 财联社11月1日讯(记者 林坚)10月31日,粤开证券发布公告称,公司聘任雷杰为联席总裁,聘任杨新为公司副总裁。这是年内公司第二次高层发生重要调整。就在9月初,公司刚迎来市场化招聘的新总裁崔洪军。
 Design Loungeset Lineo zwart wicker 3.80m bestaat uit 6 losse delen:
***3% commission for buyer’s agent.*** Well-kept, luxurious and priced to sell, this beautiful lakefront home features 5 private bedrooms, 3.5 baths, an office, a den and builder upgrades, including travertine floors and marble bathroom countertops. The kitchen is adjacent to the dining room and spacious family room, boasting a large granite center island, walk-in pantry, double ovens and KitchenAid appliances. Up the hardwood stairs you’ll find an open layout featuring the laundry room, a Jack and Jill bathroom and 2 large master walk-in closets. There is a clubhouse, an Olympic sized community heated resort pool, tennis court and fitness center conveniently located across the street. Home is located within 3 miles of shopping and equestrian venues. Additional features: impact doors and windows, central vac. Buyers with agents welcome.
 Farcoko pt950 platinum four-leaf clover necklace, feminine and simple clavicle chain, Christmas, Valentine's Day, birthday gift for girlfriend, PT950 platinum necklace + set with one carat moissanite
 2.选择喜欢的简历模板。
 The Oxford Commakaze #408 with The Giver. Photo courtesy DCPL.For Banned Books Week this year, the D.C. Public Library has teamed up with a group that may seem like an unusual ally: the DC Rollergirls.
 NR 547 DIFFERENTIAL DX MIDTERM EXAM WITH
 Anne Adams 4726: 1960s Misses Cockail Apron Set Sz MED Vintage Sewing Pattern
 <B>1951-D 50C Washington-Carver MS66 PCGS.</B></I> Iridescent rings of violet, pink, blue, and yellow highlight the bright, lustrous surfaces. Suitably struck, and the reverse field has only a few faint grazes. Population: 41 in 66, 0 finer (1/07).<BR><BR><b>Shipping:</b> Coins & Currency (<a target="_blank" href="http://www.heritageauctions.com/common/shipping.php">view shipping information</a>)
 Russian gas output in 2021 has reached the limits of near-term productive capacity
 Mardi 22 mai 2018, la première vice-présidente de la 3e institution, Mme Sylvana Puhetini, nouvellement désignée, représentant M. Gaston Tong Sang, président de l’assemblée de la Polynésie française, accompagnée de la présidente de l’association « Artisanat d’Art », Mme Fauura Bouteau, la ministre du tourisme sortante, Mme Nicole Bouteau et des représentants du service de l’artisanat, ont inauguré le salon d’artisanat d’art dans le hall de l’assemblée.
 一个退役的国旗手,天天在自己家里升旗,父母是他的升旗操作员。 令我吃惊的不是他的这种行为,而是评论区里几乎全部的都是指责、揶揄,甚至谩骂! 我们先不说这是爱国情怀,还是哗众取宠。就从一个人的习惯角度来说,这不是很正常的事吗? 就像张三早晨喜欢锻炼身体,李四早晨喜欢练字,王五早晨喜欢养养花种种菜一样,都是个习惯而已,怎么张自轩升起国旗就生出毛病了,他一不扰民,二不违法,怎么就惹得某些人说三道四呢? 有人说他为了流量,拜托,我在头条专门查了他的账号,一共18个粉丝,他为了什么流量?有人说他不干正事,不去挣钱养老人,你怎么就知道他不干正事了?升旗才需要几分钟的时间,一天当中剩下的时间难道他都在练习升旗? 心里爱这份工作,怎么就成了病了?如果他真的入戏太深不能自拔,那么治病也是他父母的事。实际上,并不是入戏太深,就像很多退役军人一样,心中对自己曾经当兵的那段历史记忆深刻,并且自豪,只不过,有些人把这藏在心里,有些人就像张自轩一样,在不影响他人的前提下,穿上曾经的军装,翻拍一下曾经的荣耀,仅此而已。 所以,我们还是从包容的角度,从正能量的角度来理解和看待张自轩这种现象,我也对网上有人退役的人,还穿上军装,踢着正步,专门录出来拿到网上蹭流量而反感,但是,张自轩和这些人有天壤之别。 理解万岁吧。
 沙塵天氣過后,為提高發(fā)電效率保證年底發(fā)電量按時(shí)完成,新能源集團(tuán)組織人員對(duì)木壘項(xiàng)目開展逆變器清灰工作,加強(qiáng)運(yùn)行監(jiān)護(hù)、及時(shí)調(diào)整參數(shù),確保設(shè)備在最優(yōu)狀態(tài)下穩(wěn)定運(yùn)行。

+ + + + + + +

== GOAL OF THE EXERCISE ==
Please give an exact copy of the entries above, from the line with "The Oxford Commakaze" down to the line with "Anne Adams 4726: 1960s", inclusive, and nothing else.

== SOLUTION TO THIS PROBLEM ==
 The Oxford Commakaze #408 with The Giver. Photo courtesy DCPL.For Banned Books Week this year, the D.C. Public Library has teamed up with a group that may seem like an unusual ally: the DC Rollergirls.
 NR 547 DIFFERENTIAL DX MIDTERM EXAM WITH
 Anne Adams 4726: 1960s Misses Cockail Apron Set Sz MED Vintage Sewing Pattern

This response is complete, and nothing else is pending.